**TASK TO COMPLETE**: Stop at the line containing "Lucid Motors has a": write out every line from the beginning of the entries up to and including it, minus the pictures.

Extracted data entries
= Beginning of Section =

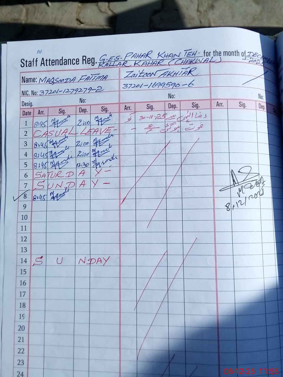 | CNIC | Full Name | Designation | R/C | Absence during last cal. month |
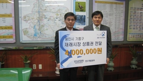 용인시 기흥구 마북동에 위치한 현대자동차(주) 연구소는 23일 기흥구청을 방문 “사랑의 열차 이어달리기”에 동참하기 위해 온누리상품권 4백만원을 기탁했다. 현대자동차(주) 연구소는 지난 2011년부터 매년 설과 추석을 맞이하여 300만원 ~500만원 상당의 상품권을 지속적으로 기탁, 이번 기탁금액까지 총 2,300만원에 달하는 상품권에 지…
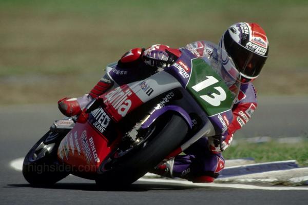 Il y a 30 ans, le 30 août 1987, Reggiani remportait la première victoire d’Aprilia en GP 250 sur le circuit de Misano, devant la Yamaha de Luca Cadalora et la Honda de Sito Pons. Il gagnait 8 Grands Prix en 125 et 250, terminant deuxième du Championnat du Monde 250 en 1992 et 93, avant d’effectuer deux saisons en 500, toujours sur Aprilia.
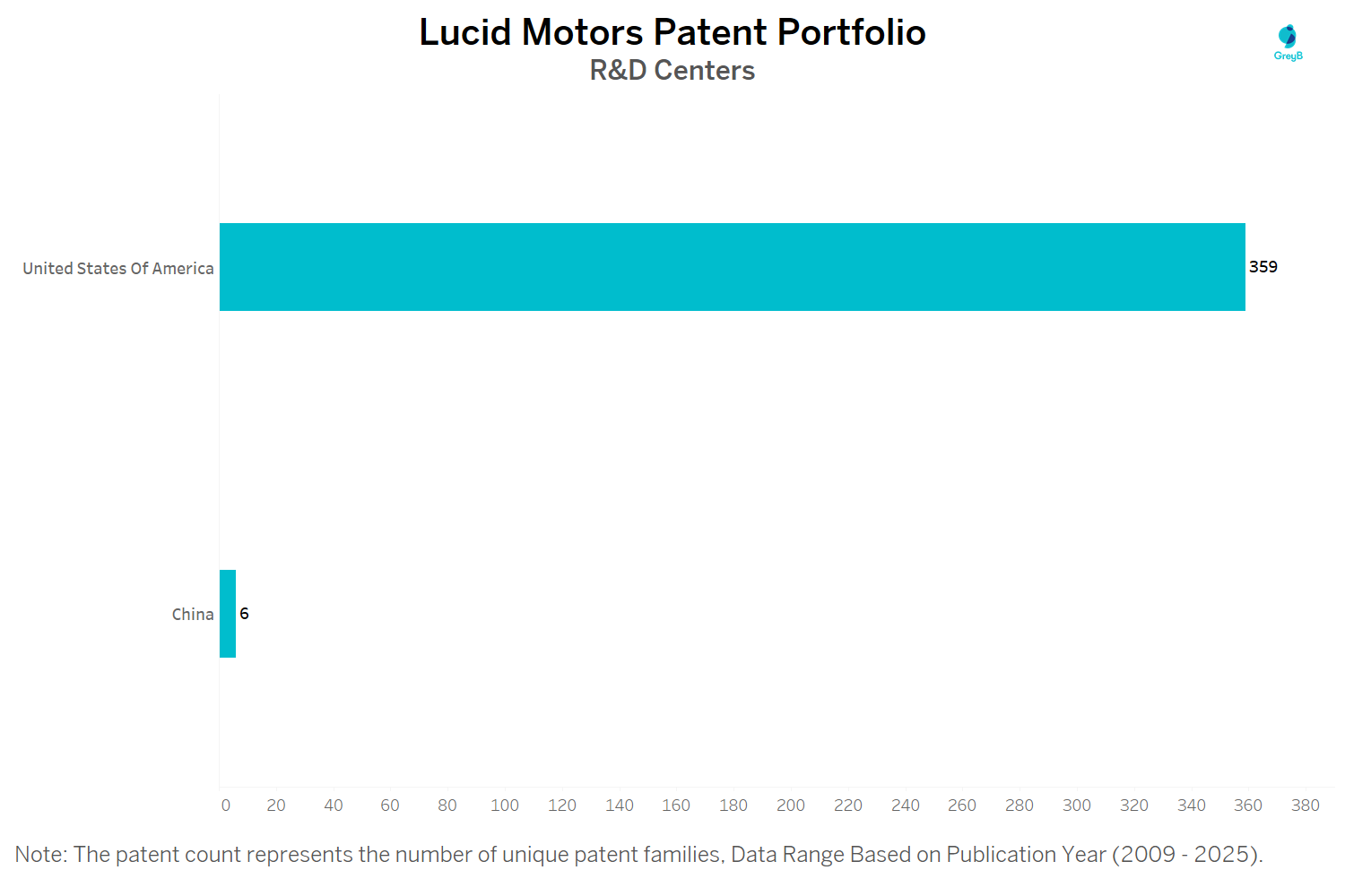 Lucid Motors has a total of 1245 patents globally, out of which 684 have been granted. Of these 1245 patents, more than 78% patents are active. United States of America is where Lucid Motors has filed the maximum number of patents, followed by Europe (EPO) and China. Parallelly, USA seems to be the main focused R&D center and also is the origin country of Lucid Motors.
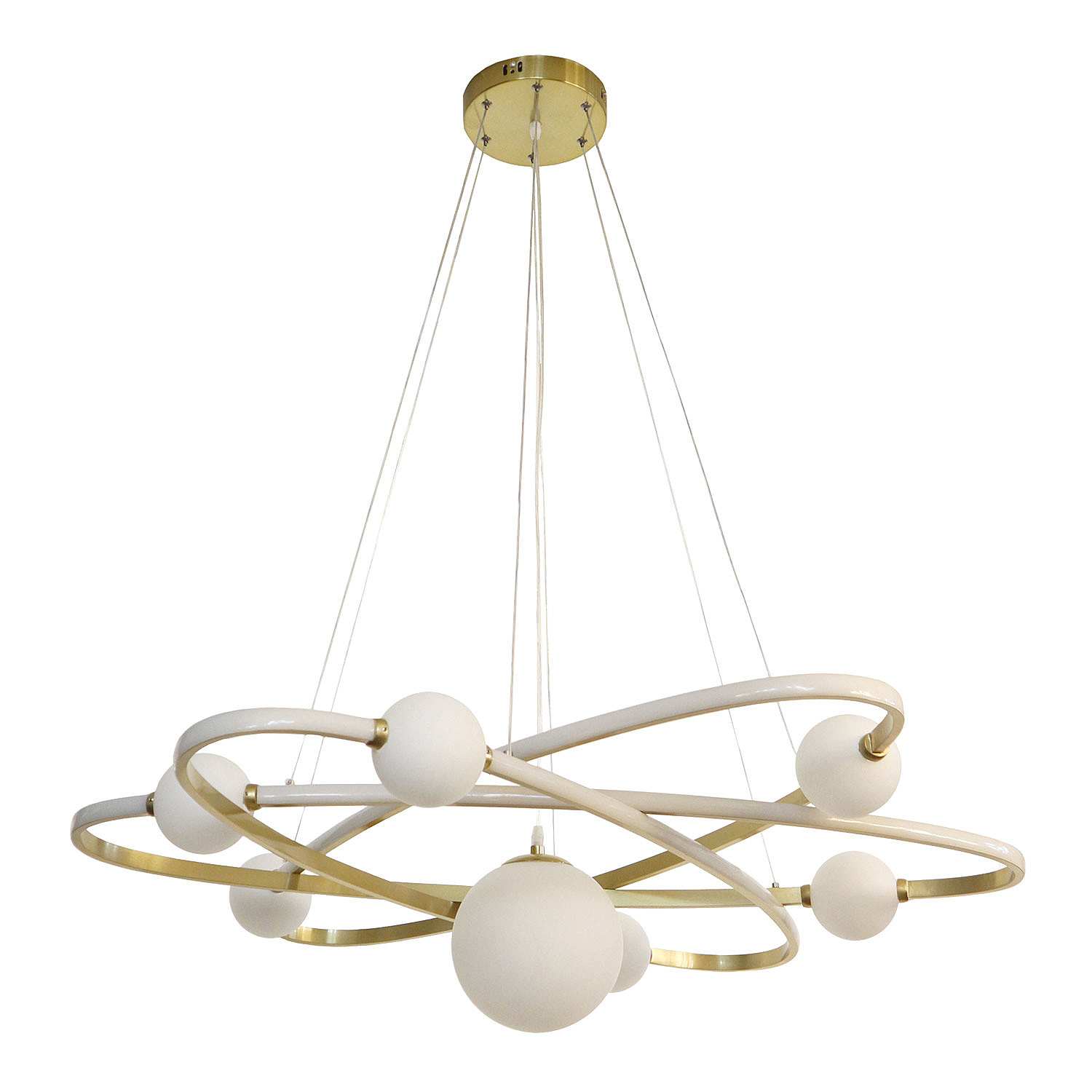 Допускается отличие страны-изготовителя, указанной в характеристиках. Линии производства могут находиться в нескольких государствах. Это не влияет на качество изготовления товара: все заводы данного бренда работают по общим стандартам, а готовые изделия проходят соответствующий контроль.Италия ЦветЦвет арматуры матовое золото Цвет Золото Материал арматуры Металл Цвет плафона Белый Материал плафона Акрил РазмерыВысота (мм) 1750 Высота минимальная (мм) 300 Ширина (мм) 1050 ЭлектрикаКоличество ламп (шт) 1 Цоколь LED Лампочки в комплекте Лампы в комплекте Мощность лампы (Вт) 96 Общая мощность (Вт) 96 Дополнительная информацияСпособ крепления Планка Степень защиты (IP) IP21 Тип подвеса На тросах -

= End of Section =

**YOUR SOLUTION**:
 | CNIC | Full Name | Designation | R/C | Absence during last cal. month |
 용인시 기흥구 마북동에 위치한 현대자동차(주) 연구소는 23일 기흥구청을 방문 “사랑의 열차 이어달리기”에 동참하기 위해 온누리상품권 4백만원을 기탁했다. 현대자동차(주) 연구소는 지난 2011년부터 매년 설과 추석을 맞이하여 300만원 ~500만원 상당의 상품권을 지속적으로 기탁, 이번 기탁금액까지 총 2,300만원에 달하는 상품권에 지…
 Il y a 30 ans, le 30 août 1987, Reggiani remportait la première victoire d’Aprilia en GP 250 sur le circuit de Misano, devant la Yamaha de Luca Cadalora et la Honda de Sito Pons. Il gagnait 8 Grands Prix en 125 et 250, terminant deuxième du Championnat du Monde 250 en 1992 et 93, avant d’effectuer deux saisons en 500, toujours sur Aprilia.
 Lucid Motors has a total of 1245 patents globally, out of which 684 have been granted. Of these 1245 patents, more than 78% patents are active. United States of America is where Lucid Motors has filed the maximum number of patents, followed by Europe (EPO) and China. Parallelly, USA seems to be the main focused R&D center and also is the origin country of Lucid Motors.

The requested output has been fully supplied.